Take a woman previously wounded by an aggressive man and have her approached by a man openly asking for what he wants and she may run. Makes you realize that the next woman he approaches may experience him as a man that dances around what he really wants–now afraid to ask openly. What a conundrum eh? Women are wounded and afraid to trust. Men are wounded and afraid to open.

So what can we do?
  • We, as women, can be patient when men talk with us, give them time and space to express themselves and understand that they don’t communicate like our female friends.
  • Bantering with girlfriends and talking over one another is common behavior when we gather together, but a man’s sharing is a different process.
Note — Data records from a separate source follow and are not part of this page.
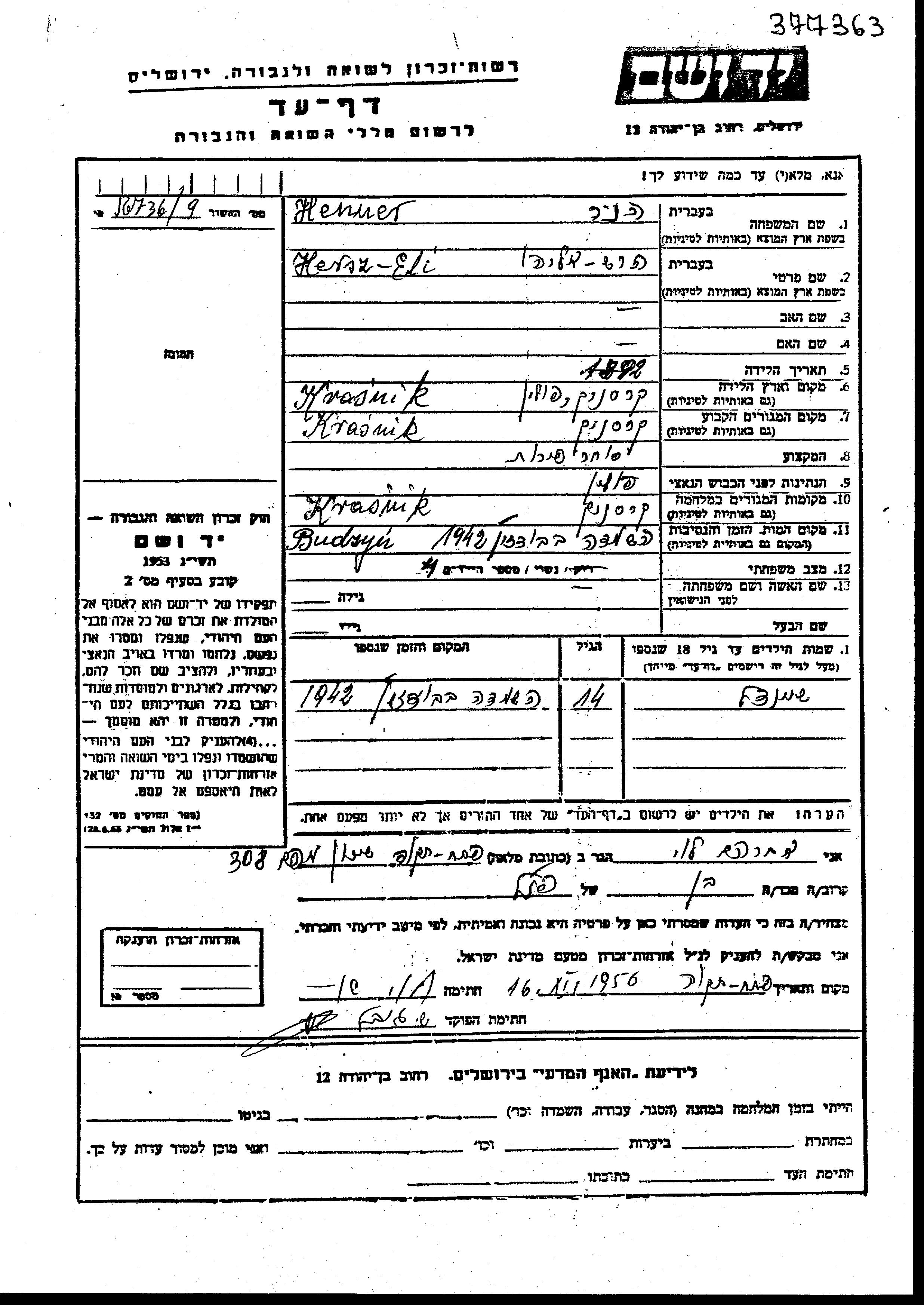 Henner Hersz Eli Eliahu 1892 Krašnik, Polen Gedenkblatt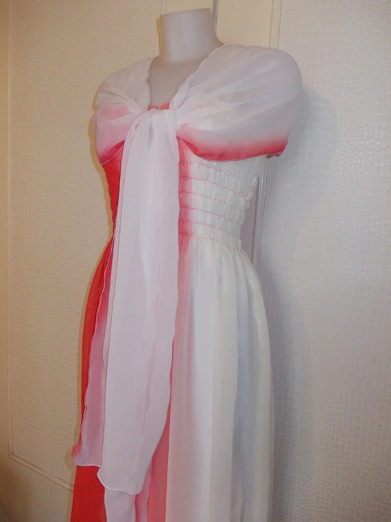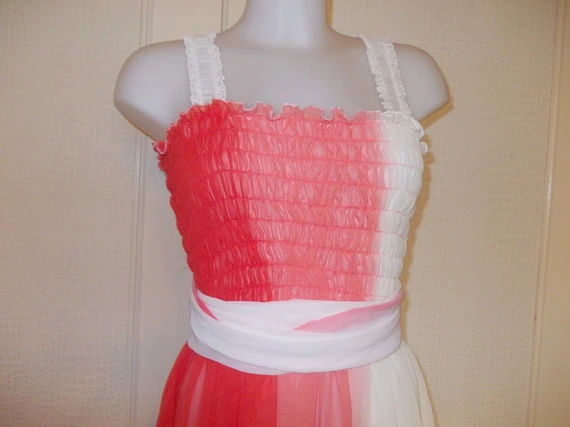 -Robe bustier smokée mi longue en mousseline tricolore,couleurs dégradés,rose orange et beige,avec bretelles beige elastiqué et petite dentelle.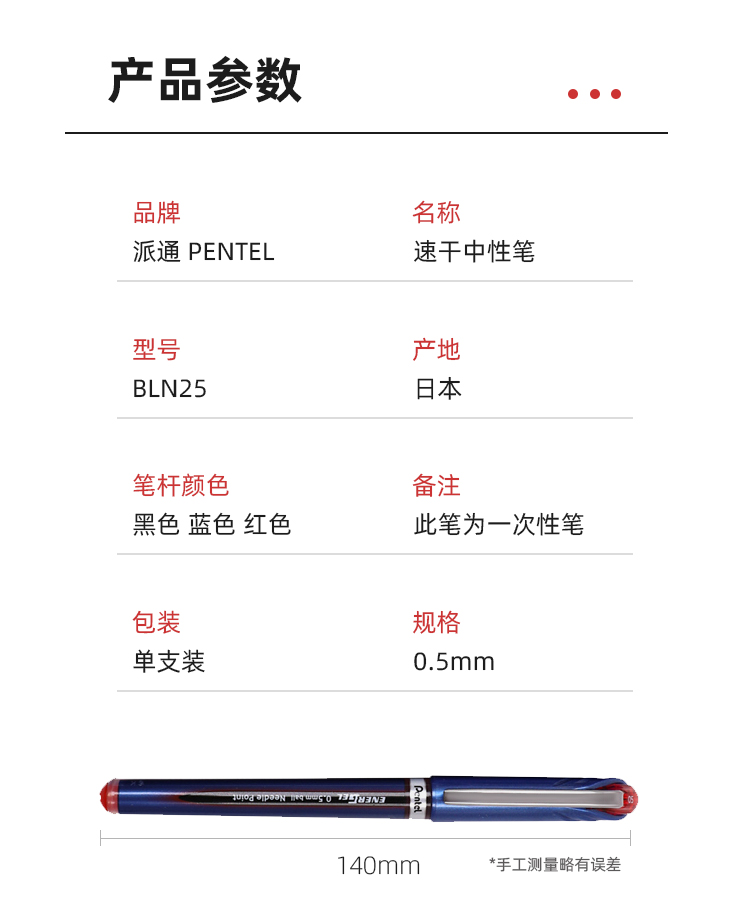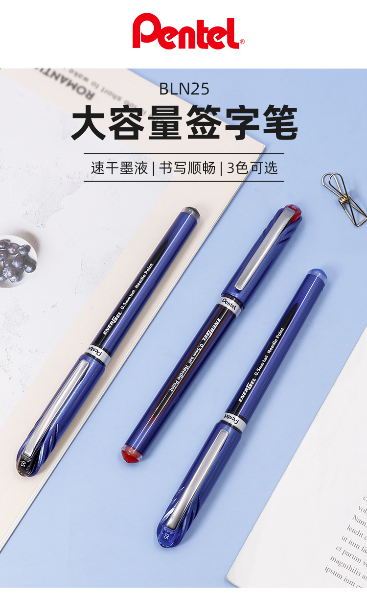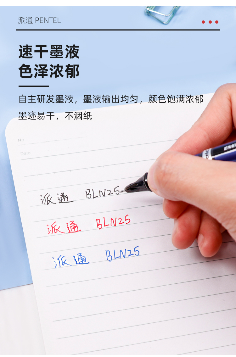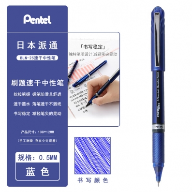 日本Pentel派通BLN25中性筆學生用考試速干水筆0.5大容量簽字筆 藍色 計價單位:支

Men don’t jump from subject to subject. It’s not that they don’t want to share with us, it’s that often when they try to, we jump in and interrupt the flow.
  • We can count to 10 in our heads when they stop talking and give them a chance to speak again because 9 out of 10 times, they will.
  • We can have patience.
  • We can understand that a closed down reaction during a fight is most likely embarrassment and pain as our men realize they’ve disappointed us. We can take a step back and not take the lack of immediate communication as anger and instead, take a time out.
  • Most importantly we can remember that our man is not going to be like our female friends. Changing men is not the goal. Even if we successfully changed them, chances are we wouldn’t be attracted to them anymore.
  • By learning to decipher what appears to be shut down and angry behavior as deep wounding, we can find the patience needed to speak a different language with the men we love. Treating our men as we do our female friends is like walking into a French pastry shop, ordering something in Cantonese, and getting angry when we’re not understood. It may require a different language to show our love.